Input START
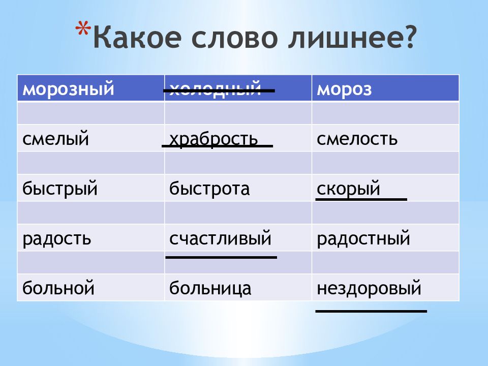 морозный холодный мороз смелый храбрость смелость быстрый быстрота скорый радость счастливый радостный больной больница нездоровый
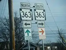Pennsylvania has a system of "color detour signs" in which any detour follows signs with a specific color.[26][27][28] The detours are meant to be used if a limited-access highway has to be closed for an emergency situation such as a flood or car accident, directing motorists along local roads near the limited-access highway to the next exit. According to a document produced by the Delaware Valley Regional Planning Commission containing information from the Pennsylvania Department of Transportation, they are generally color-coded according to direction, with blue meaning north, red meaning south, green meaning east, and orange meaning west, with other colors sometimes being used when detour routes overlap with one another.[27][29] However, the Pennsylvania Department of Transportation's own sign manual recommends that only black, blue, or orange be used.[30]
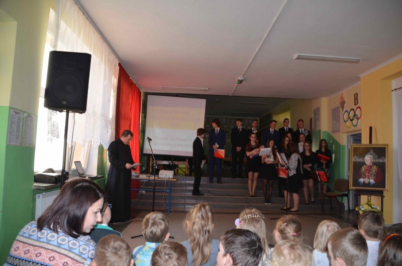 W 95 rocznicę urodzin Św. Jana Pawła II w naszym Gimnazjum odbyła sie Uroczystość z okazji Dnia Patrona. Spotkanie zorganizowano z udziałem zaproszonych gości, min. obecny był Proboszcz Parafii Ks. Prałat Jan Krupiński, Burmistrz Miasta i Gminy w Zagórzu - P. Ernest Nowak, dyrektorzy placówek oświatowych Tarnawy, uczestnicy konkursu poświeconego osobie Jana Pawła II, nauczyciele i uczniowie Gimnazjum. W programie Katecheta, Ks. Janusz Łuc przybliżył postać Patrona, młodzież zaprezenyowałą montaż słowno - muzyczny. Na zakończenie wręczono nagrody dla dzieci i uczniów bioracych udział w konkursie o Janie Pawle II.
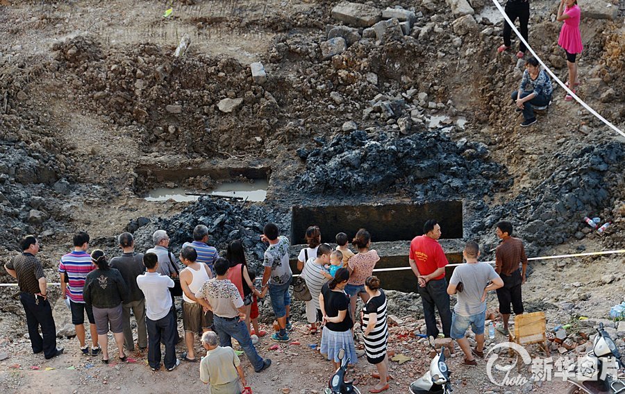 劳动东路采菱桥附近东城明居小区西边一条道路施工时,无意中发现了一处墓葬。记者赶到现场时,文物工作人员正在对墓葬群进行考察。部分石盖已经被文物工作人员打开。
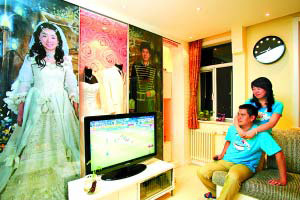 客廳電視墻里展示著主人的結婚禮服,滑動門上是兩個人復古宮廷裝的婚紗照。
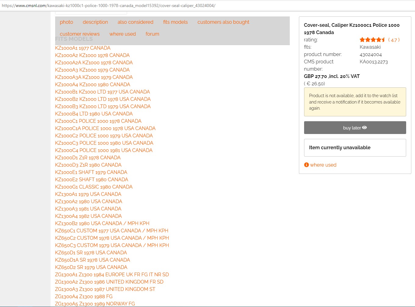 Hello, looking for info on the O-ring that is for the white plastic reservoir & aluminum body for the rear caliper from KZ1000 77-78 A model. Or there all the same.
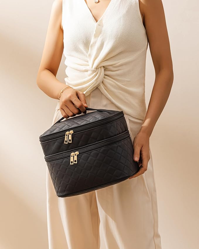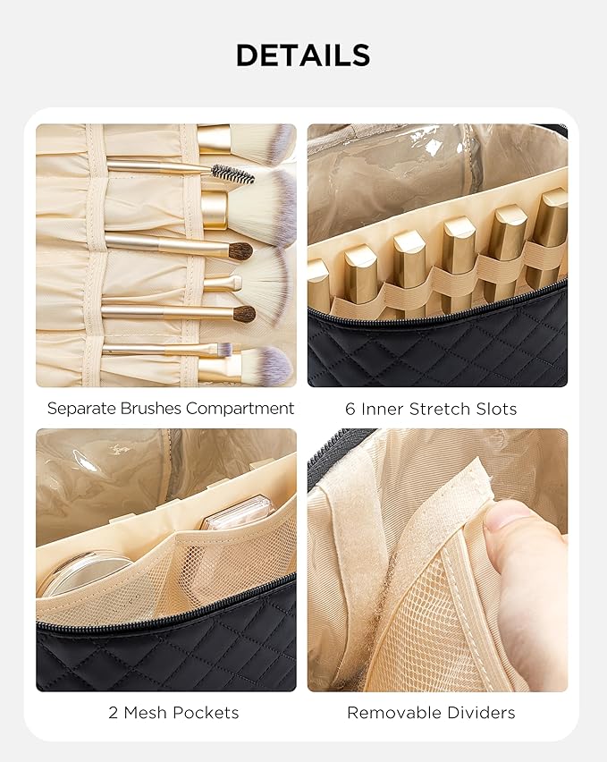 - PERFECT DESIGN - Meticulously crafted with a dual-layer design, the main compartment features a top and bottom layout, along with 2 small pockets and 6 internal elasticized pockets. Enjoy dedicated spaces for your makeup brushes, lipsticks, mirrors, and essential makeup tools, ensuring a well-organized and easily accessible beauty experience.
Input END
Problem requirements
Without changing a single word, set down all of the material again and leave out its pictures.

Result for this task
 морозный холодный мороз смелый храбрость смелость быстрый быстрота скорый радость счастливый радостный больной больница нездоровый
Pennsylvania has a system of "color detour signs" in which any detour follows signs with a specific color.[26][27][28] The detours are meant to be used if a limited-access highway has to be closed for an emergency situation such as a flood or car accident, directing motorists along local roads near the limited-access highway to the next exit. According to a document produced by the Delaware Valley Regional Planning Commission containing information from the Pennsylvania Department of Transportation, they are generally color-coded according to direction, with blue meaning north, red meaning south, green meaning east, and orange meaning west, with other colors sometimes being used when detour routes overlap with one another.[27][29] However, the Pennsylvania Department of Transportation's own sign manual recommends that only black, blue, or orange be used.[30]
 W 95 rocznicę urodzin Św. Jana Pawła II w naszym Gimnazjum odbyła sie Uroczystość z okazji Dnia Patrona. Spotkanie zorganizowano z udziałem zaproszonych gości, min. obecny był Proboszcz Parafii Ks. Prałat Jan Krupiński, Burmistrz Miasta i Gminy w Zagórzu - P. Ernest Nowak, dyrektorzy placówek oświatowych Tarnawy, uczestnicy konkursu poświeconego osobie Jana Pawła II, nauczyciele i uczniowie Gimnazjum. W programie Katecheta, Ks. Janusz Łuc przybliżył postać Patrona, młodzież zaprezenyowałą montaż słowno - muzyczny. Na zakończenie wręczono nagrody dla dzieci i uczniów bioracych udział w konkursie o Janie Pawle II.
 劳动东路采菱桥附近东城明居小区西边一条道路施工时,无意中发现了一处墓葬。记者赶到现场时,文物工作人员正在对墓葬群进行考察。部分石盖已经被文物工作人员打开。
 客廳電視墻里展示著主人的結婚禮服,滑動門上是兩個人復古宮廷裝的婚紗照。
 Hello, looking for info on the O-ring that is for the white plastic reservoir & aluminum body for the rear caliper from KZ1000 77-78 A model. Or there all the same.
 - PERFECT DESIGN - Meticulously crafted with a dual-layer design, the main compartment features a top and bottom layout, along with 2 small pockets and 6 internal elasticized pockets. Enjoy dedicated spaces for your makeup brushes, lipsticks, mirrors, and essential makeup tools, ensuring a well-organized and easily accessible beauty experience.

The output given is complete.